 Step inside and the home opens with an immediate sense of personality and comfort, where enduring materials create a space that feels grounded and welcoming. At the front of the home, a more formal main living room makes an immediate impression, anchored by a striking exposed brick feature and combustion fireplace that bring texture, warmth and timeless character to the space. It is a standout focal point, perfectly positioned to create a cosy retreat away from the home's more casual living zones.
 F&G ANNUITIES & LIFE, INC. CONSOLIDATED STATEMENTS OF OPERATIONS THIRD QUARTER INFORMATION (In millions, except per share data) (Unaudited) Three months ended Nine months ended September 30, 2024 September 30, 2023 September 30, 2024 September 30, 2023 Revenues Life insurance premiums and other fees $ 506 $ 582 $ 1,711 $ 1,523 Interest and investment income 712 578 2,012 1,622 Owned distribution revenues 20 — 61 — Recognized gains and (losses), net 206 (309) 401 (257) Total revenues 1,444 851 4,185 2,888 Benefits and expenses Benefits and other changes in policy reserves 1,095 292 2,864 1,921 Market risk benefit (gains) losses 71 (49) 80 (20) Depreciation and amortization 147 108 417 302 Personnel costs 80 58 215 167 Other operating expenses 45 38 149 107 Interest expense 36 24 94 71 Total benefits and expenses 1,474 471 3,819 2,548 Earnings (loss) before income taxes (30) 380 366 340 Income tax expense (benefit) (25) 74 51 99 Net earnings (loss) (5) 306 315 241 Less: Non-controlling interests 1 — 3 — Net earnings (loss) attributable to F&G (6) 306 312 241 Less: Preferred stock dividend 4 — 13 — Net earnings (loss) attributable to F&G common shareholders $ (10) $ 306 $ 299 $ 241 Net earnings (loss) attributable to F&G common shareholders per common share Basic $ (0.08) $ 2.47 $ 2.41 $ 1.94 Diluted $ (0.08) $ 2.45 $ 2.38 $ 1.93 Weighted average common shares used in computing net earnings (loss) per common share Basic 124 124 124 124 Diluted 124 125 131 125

§

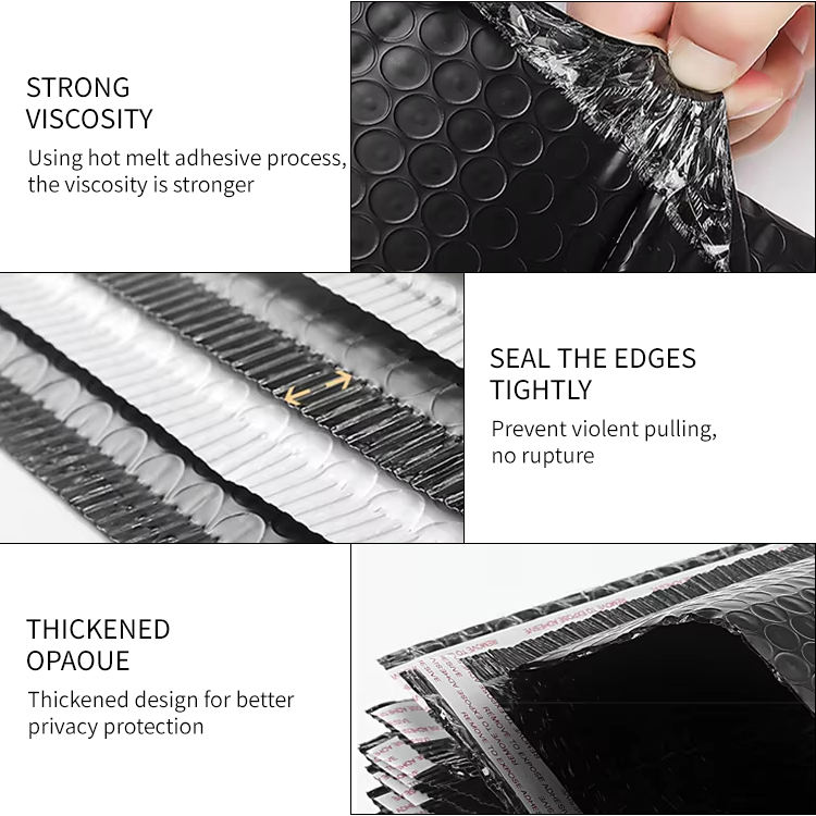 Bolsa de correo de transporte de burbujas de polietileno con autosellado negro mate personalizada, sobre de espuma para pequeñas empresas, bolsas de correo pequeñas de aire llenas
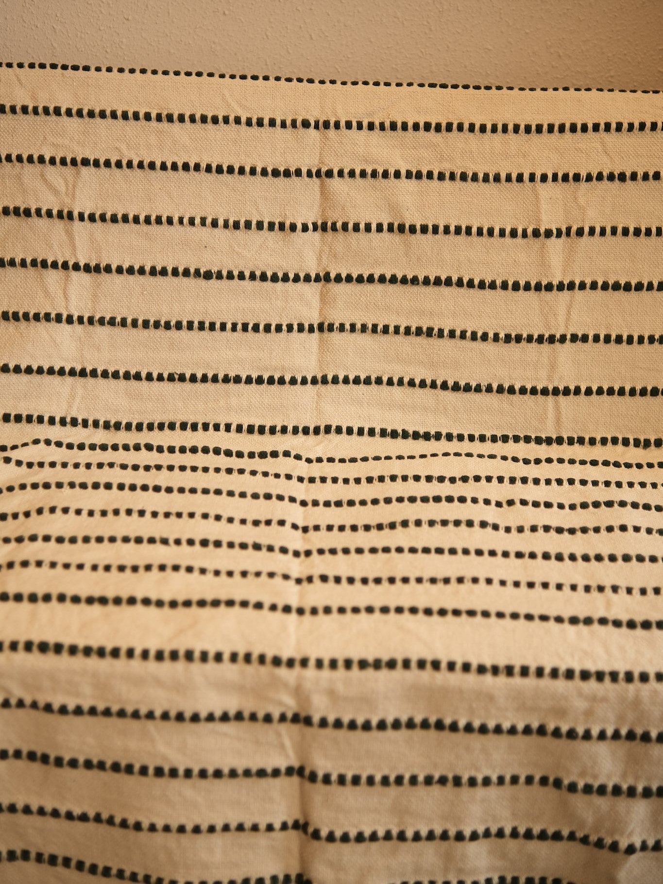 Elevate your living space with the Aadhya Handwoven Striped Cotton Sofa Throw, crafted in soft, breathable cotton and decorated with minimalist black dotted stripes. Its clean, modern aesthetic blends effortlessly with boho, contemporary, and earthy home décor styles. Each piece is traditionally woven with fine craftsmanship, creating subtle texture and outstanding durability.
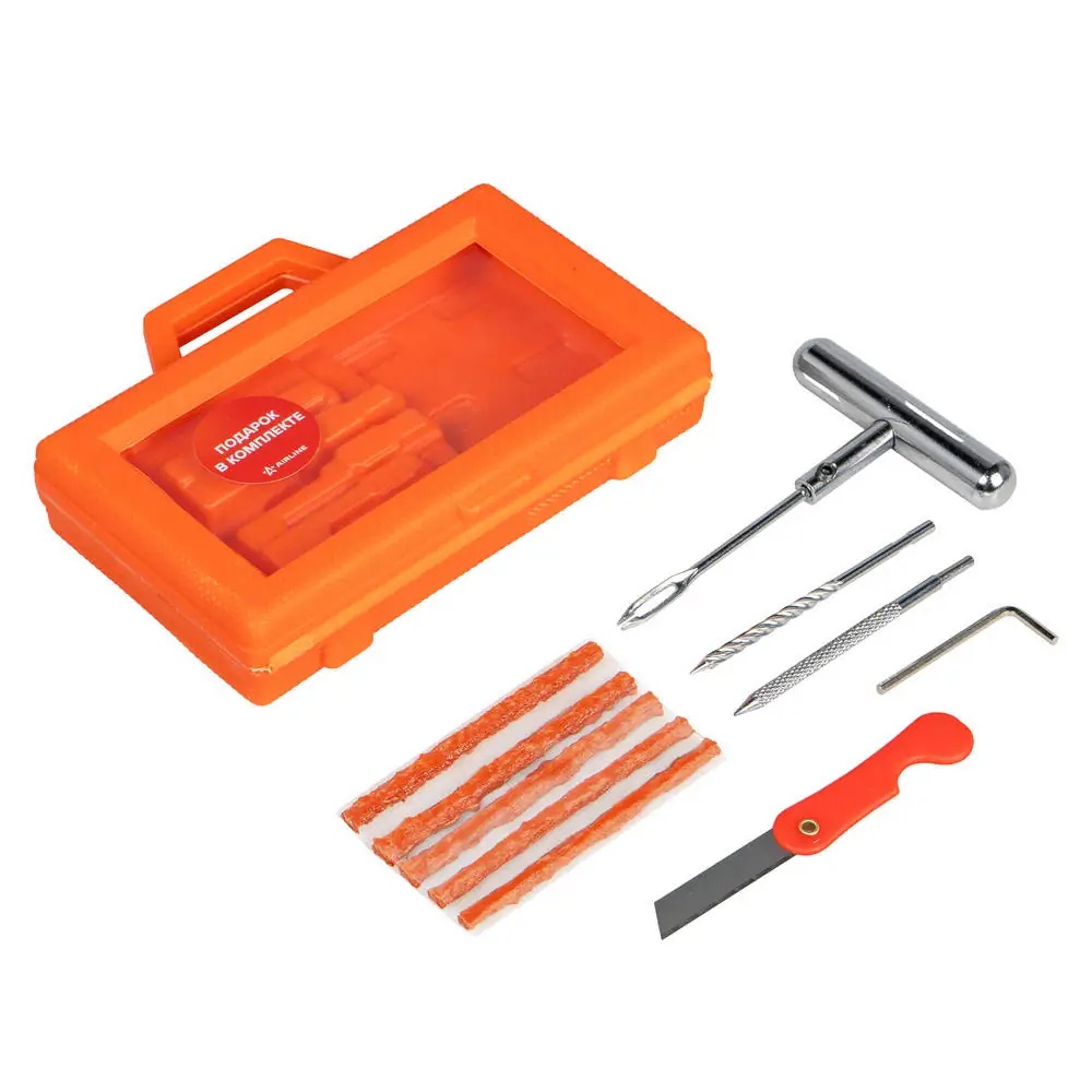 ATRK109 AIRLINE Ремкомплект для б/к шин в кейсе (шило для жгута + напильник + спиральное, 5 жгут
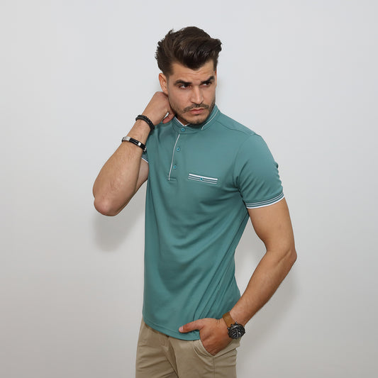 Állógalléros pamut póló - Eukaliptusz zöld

§

From the records above, copy exactly the lines starting at the one with "Bolsa de correo" and ending at the one with "Állógalléros pamut póló - Eukaliptusz zöld", and no others. Pictures stay out.

# EXERCISE ANSWER
 Bolsa de correo de transporte de burbujas de polietileno con autosellado negro mate personalizada, sobre de espuma para pequeñas empresas, bolsas de correo pequeñas de aire llenas
 Elevate your living space with the Aadhya Handwoven Striped Cotton Sofa Throw, crafted in soft, breathable cotton and decorated with minimalist black dotted stripes. Its clean, modern aesthetic blends effortlessly with boho, contemporary, and earthy home décor styles. Each piece is traditionally woven with fine craftsmanship, creating subtle texture and outstanding durability.
 ATRK109 AIRLINE Ремкомплект для б/к шин в кейсе (шило для жгута + напильник + спиральное, 5 жгут
 Állógalléros pamut póló - Eukaliptusz zöld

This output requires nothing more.